Siete amanti del rock e del metal? Gli Stealth fanno al caso vostro. A discapito del nome sono italianissimi e vi trascineranno nel loro mondo con il loro album d’esordio Shores of Hopes.

La band, nata nel 2007 da un’idea di Luca Occhi e Marcello Danieli a cui si sono aggiunti Andrea Rambelli, Mario Catozzi e Enrico Ghirelli, è sulle scene ormai da quasi 7 anni. Sette anni intensi in cui il gruppo ha partecipato a diversi contest, festival e ha tenuto più di 60 live. Fino all’arrivo di  Shores of Hopes.

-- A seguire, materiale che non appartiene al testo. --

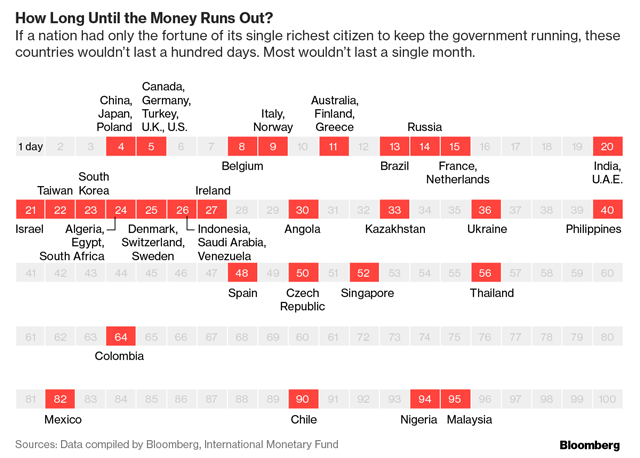 Издание подсчитало, сколько дней правительства разных стран могли функционировать, если все их расходы покрывались за счет богатейшего гражданина этой страны.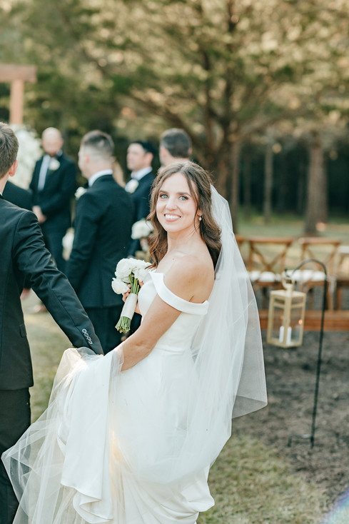 There’s something truly special about a wedding held at the bride’s family home! Morgan and Reid tied the knot on October 15th, 2022, in an elegant backyard wedding at her family’s home in Georgia. Set amongst the tall Georgia Pine Trees, the land was the perfect location host to their elegant backyard wedding. From the all-white bouquet filled with white roses and white hydrangeas to the Groom and Groomsmen in black tuxedos, every moment of Morgan and Reids’s wedding day was perfectly executed (and picture-perfect)!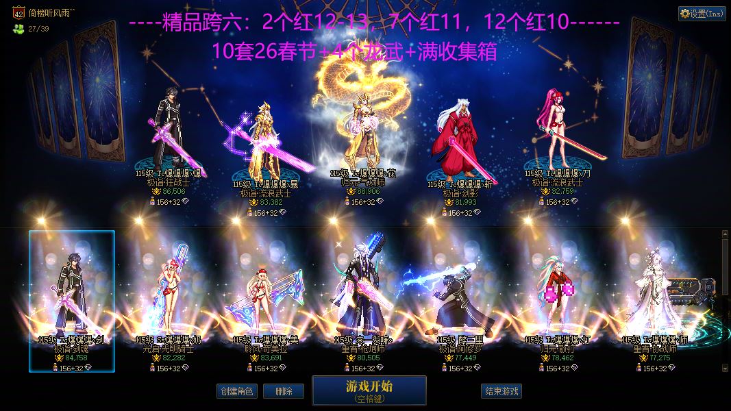 g21771辽宁一 (新春充值拉满 已买10套2026春节)完美红13龙透双尊剑神(灭龙剑 四太初毕业),完美红12龙透双尊魔神(武器耳环红13+3.4技工),完美红12龙透剑帝,完美红12龙透刃影(武器红13 特殊红13),完美红12龙透散打,红11 12修罗,完美红11龙透奶妈(耳环红12),完美红11 12龙袍奶爸,完美红11 12旅人,完美红11 12龙袍女鬼,完美红11 12龙透弹药,红11 12龙透散打,完美红11 12修罗,完美红11小魔女,完美红11缪斯,892分!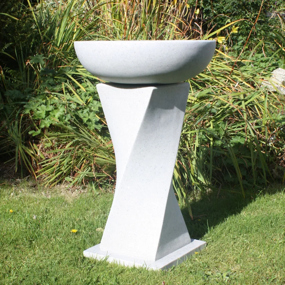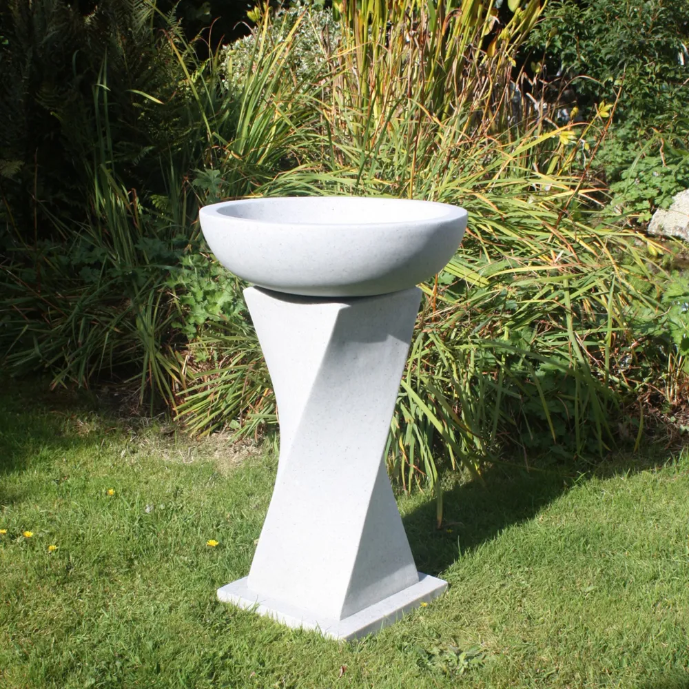Helix Contemporary Granite Resin Garden Birdbath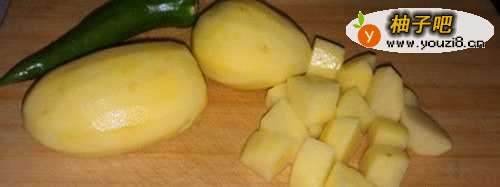 土豆去皮,洗净,切块。如图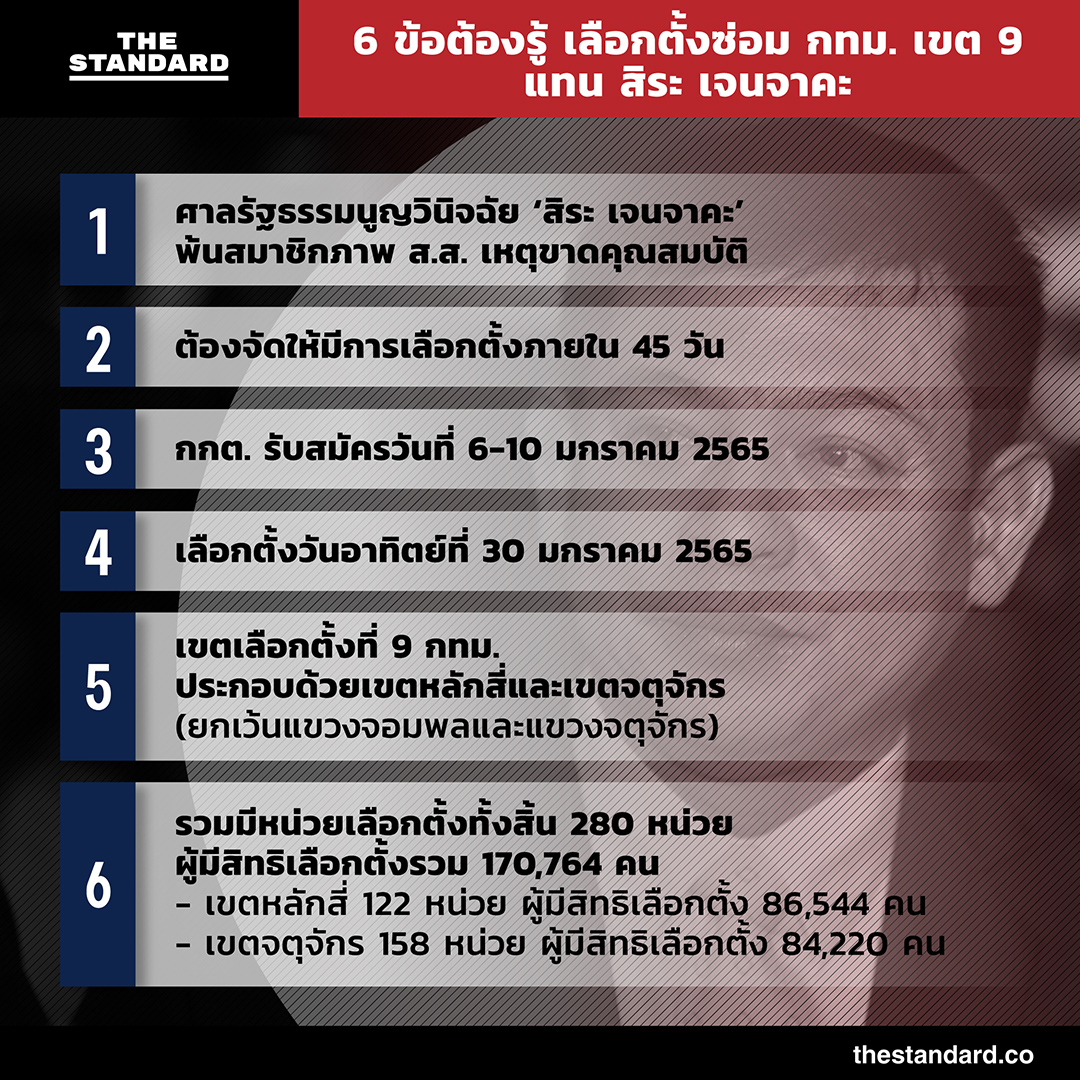 หลังจากที่วันนี้ (6 มกราคม) คณะกรรมการการเลือกตั้ง (กกต.) เปิดรับผู้ลงสมัครเลือกตั้งซ่อม เขต 9 กรุงเทพมหานคร (กทม.) แทน สิระ เจนจาคะ ที่พ้นสมาชิกภาพจากคำวินิจฉัยของศาลรัฐธรรมนูญ โดยมีกำหนดเลือกตั้งในวันที่ 30 มกราคม 2565
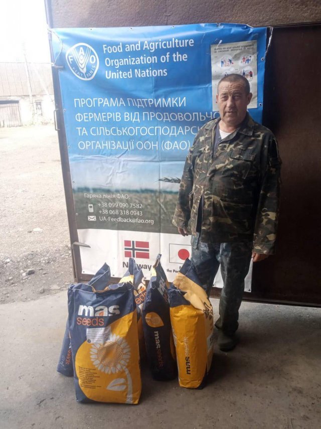Також 145 сільгоспвиробників отримали насіння соняшника і ще 8 отримають найближчими днями. Загалом роздадуть 1000 мішків. Ця програма реалізується за фінансової підтримки урядів Норвегії та Японії.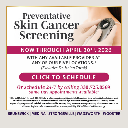 Contact the skin experts at Trillium Creek Dermatology for tailored skincare advice and personalized recommendations. With locations in Brunswick, Medina, Strongsville, Wadsworth, and Wooster, Ohio, their experienced team can guide you toward optimal skin health. Please schedule a consultation today and embark on a journey towards radiant, protected skin.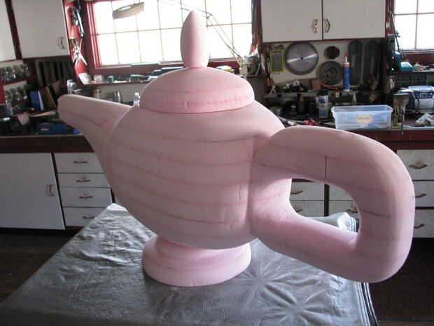 2. una vez que la configuración del bloque lo que te gusta, utilizar spray adhesivo para unir las láminas de espuma de poliestireno. Si usted sabe que usted no escultura donde el pegamento será uso poder agarrar. Toma del poder es mucho más fuerte pero es muy difícil de esculpir porque cuando se seca es duro como roca. Sabía que iba a ahuecar el interior de la lámpara pero no estaba seguro exactamente donde, así que utilicé pegamento de spray y funcionó bien. Rocíe ambas hojas de espuma de poliestireno y luego los ponen juntos. Repita hasta que haya un bloque sólido (o cualquier forma que desee). Debo advertirle que si utiliza demasiado pegamento de aerosol se come la espuma! Tenga cuidado de no dejar gotas o spray demasiado!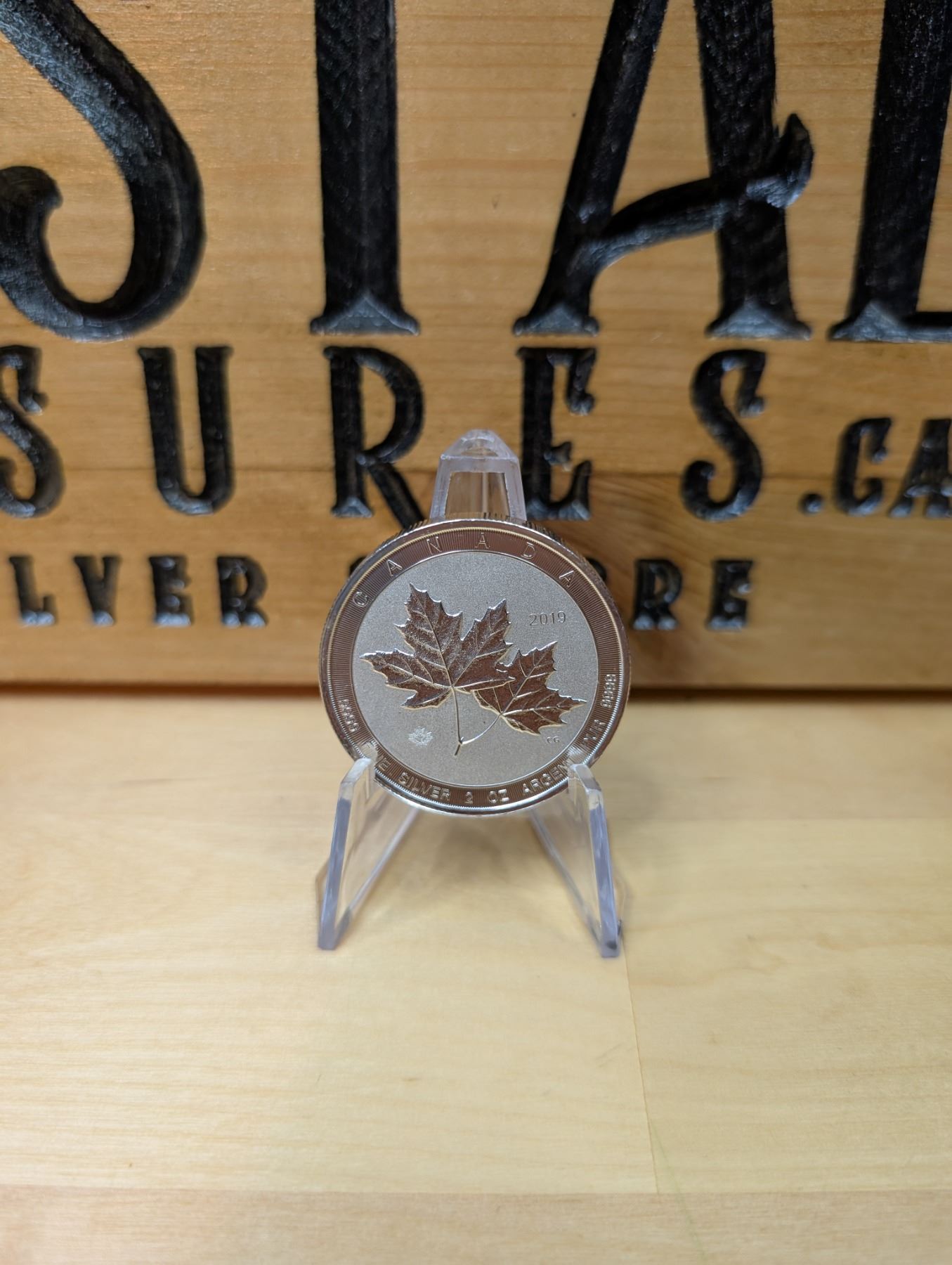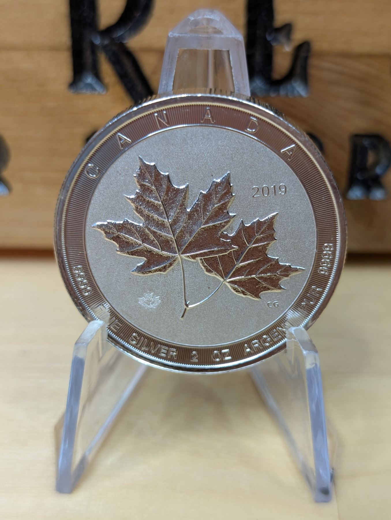 The 2 oz Magnificent Canadian Maple Leaf 2019 is a 2-ounce, 99.99% pure silver coin from the Royal Canadian Mint. It features an enhanced design of the iconic Canadian Maple Leaf in stunning detail, often with intricate patterns and high-quality engraving. This coin is part of a special series celebrating the beauty of Canada’s national symbol. The 2019 edition stands out for its larger size and the attention to detail, making it highly sought after by collectors.

L’album ha una doppia anima hard-rock e metal. Nel primo caso rientrano Guns! Guns! Guns!, Nuclear Warfare, Pharaoh (molto stile Guns N’ Roses) e Uhlans, 1915 (con echi dei Pearl Jam). Più sul metal The Border, Ozone Fades e Rock Beast. Non mancano venature di rock più acustico, come Godspeed, Black Century e My Heaven.

Gli Stealth mostrano di avere buoni numeri. Colpisce molto la voce del cantante Enrico Ghirelli, che in qualche caso ricorda vagamente Axl Rose. Per gli amanti del genere, un gruppo italiano da seguire.